Under the condition of selecting 4-layer connection series, the method MA-Net of the present invention is compared with other methods, including the methods mentioned in the publications "Qiangnan Fan, Jiang Yang, Gang Huang, et al. A genetic removal architecture for single image removal and image smoothing. IEEE International Conference component Vision, 3238. 3247,2017. RNCEILNet, E Yang G, Dong Gong, Lingqiao Liu, et al. Seeiodense and binary evaluation: A genetic adaptation for single image removal and reflection evaluation, European Conference component, 9, 11 J.8, E.E.E. simulation distribution, III, IV, III, IV, III, IV, III, IV, III, IV, III, IV, III. For peer-to-peer comparisons, the same public data set training samples and the cubicle pressboard state image data set training samples were used, the parameter fine tuning was performed for each model, and the best results were given for the fine tuned version (indicated with suffix '-F')

As shown in fig. 22 and 23, the present invention shows the results of de-reflection visual processing of real nature landscape images and converter station cabinet platen images, wherein the input images (column 1), ceirnet (column 2), BDN (column 3), ERRNet (column 4), the method of the present invention (column 5). Compared with other methods, the method disclosed by the invention has the advantages that the visual effect is more accurate, most of unwanted reflections are deleted, the advantages of the processing effect on the characteristics of indoor and unnatural light, scattered light spots and high illumination intensity are obvious, and the problems of unobvious reflection removal effect, high noise and the like generally exist in other methods. Table 12 summarizes the experimental results of the different methods on the four real datasets, including Pressure-plate, Object, Postcard, and Zhang et al. The number of the test images in each data set is displayed behind the name, and PSNR and SSIM measurement indexes are adopted, so that the larger the values of PSNR and SSIM are, the better the performance is.

TABLE 12 quantitative comparison of different methods on four real data sets

It can be seen from table 2 that, in addition to the Zhang et. data sets disclosed in the documents Xuaner Zhang, Ren Ng, Qifeng chemical image reflection separation with performance errors, ieee Conference on Computer Vision and Pattern Recognition,4786 and 20194, 2018, the MA-Net of the present invention achieves the best performance on all data sets, since ERRNet is built on the basis of Zhang et. model, whose network model has better generalization capability on the data set, the algorithm has better performance on Zhang et. data set. MA-Net outperforms other methods on average performance across all test data sets.

Table 13, for the existing platen state identification method (cluster matching method, improved BOF method, OpenVINO method, transfer learning method, and improved SSD method), the platen state data set Pressure-plate of the screen cabinet is used as an object, and the influence of the reflection removal network on the platen state identification result is contrastively analyzed.

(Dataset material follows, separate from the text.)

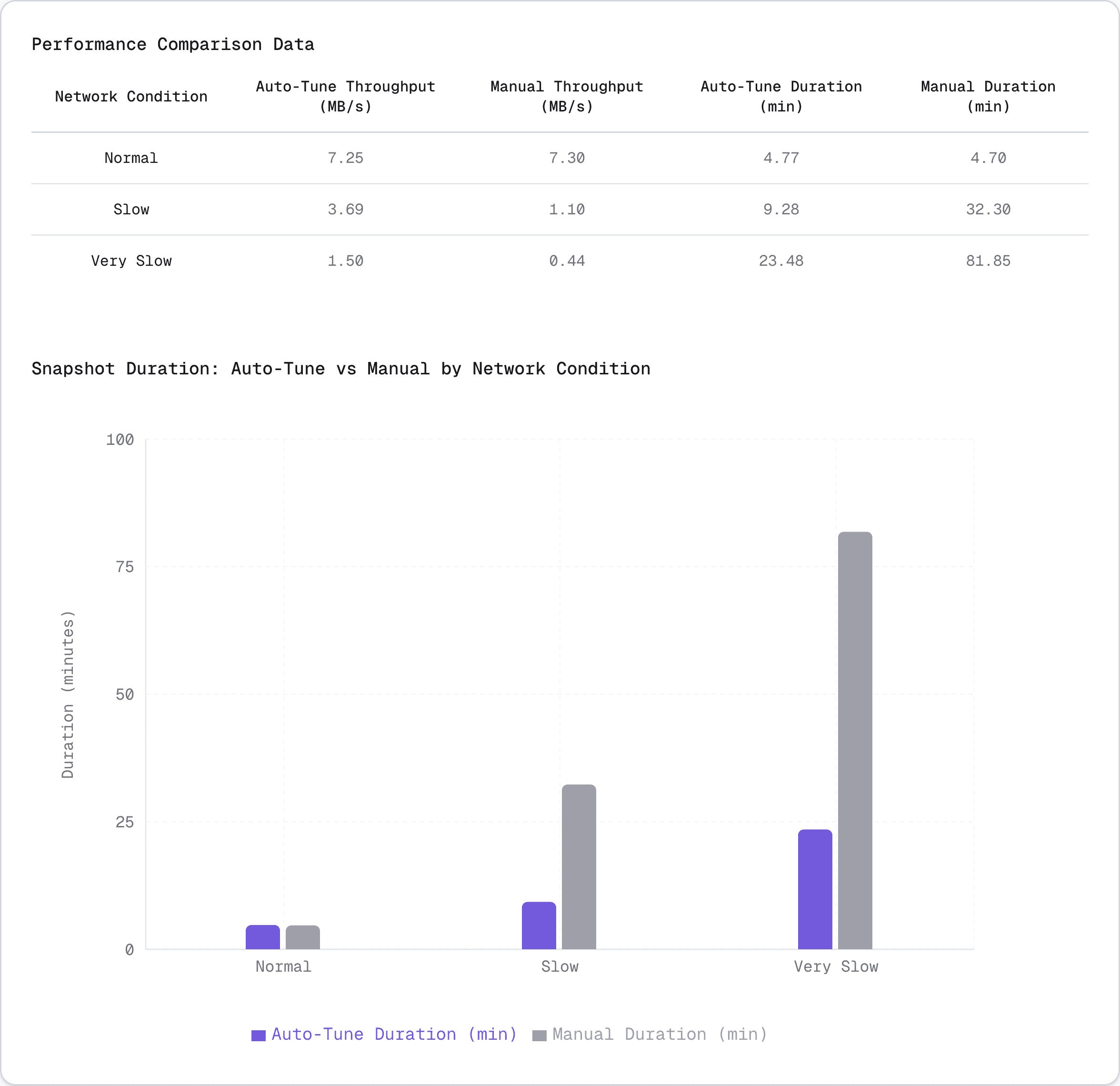 In very slow networks, the default 80 MB configuration caused catastrophic performance degradation. The oversized batches led to network buffer saturation, increased timeouts and memory pressure, with the system throughput dropping to 422 kB/s by the end. Auto-tune's 49.7 MB selection completed in 23 minutes vs 1h 22 minutes - a 3.5x speedup! 🏎️

TABLE 13 influence of the De-reflection network on the platen State identification

As can be seen from table 3, in the case of reflection, the recognition accuracy rates of the five platen state recognition methods are: 78.22%, 83.55%, 92.90%, 89.63% and 84.55%. After reflection interference is removed through the reflection removing network, the identification accuracy of the five methods is improved to different degrees. The recognition accuracy rates of the cluster matching method and the improved BOF method are respectively improved by 6.28% and 3.66%, and are obviously higher than those of the OpenVINO method, the transfer learning method and the improved SSD method by 0.45%, 1.57% and 1.87%, because the traditional image recognition method depends on the information of the original image, the anti-interference capability is relatively poor, and the effect generated by the reflection removing network is better. The invention provides a dereflection deep neural network based on multilevel connection and adaptive regional attention to remove reflection interference in an image, which is researched for solving the reflection problem in the monitoring of the pressing plate state of an extra-high voltage direct current converter station. The MA-Net network can adaptively aggregate features through multi-level connections and compressed excitation blocks, and fully utilize rich remote non-reflection background information based on wide regional non-local blocks. Experiments show that the MA-Net can not only recover the details of an input image, but also almost completely eliminate the reflection interference on a real image data set and a screen cabinet pressing plate state image data set, and can effectively improve the detection effect of the pressing plate state.

Claims (11)

1. The method for processing and storing the panoramic monitoring image of the protection system of the extra-high voltage converter station is characterized by comprising the following steps of:

s1, performing super-resolution reconstruction on the panoramic monitoring image, wherein the reconstruction method comprises the following steps:

s11, establishing a depth multi-scale residual error network model on the edge side;

s12, inputting a sample data set, and training a depth multi-scale residual error network model;

s13, testing the peak signal-to-noise ratio and the structural similarity index of the network by adopting a standard data set for the trained depth multi-scale residual error network model;

s14, inputting the panoramic monitoring image of the extra-high voltage converter station into the trained depth multi-scale residual error network model to complete super-resolution reconstruction;

s2, optimizing ubiquitous heterogeneous network transmission topology monitored by the ultra-high voltage converter station panorama, wherein the optimizing method comprises the following steps:

s21, modeling the heterogeneous network of the extra-high voltage converter station into a tree structure, wherein the tree structure is provided with a main station v₀And N-1 data transfer nodes v₁,v₂,...,v_N-1V to the primary station, each data transfer node having a node v to the primary station₀The unique path of (a);

s22, setting the master station v₀As a root node of the tree structure, carrying out a Monte Carlo tree recursive search on each state by taking the root node as an initial state to obtain a training data set;

s23, inputting the training data set obtained by searching into a deep convolutional neural network for training to obtain a value function and a strategy function, and guiding a Monte Carlo tree to recursively search a state with expected reward and updating and collecting the training data set of the deep convolutional neural network in return;

s24, after training, starting from the initial state S₀Starting with 0, by sequentially selecting a in a strategy for deep convolutional neural network prediction_t～π(s_t) And update the state s_t+1＝T(s_t,a_t) Until the complete tree is reached, so as to obtain a heterogeneous network topology;

and S3, transmitting the panoramic monitoring data to the edge side by optimizing the heterogeneous network transmission topology, and transmitting the panoramic monitoring data to a cloud storage after carrying out lightweight processing on the panoramic monitoring data at the edge side.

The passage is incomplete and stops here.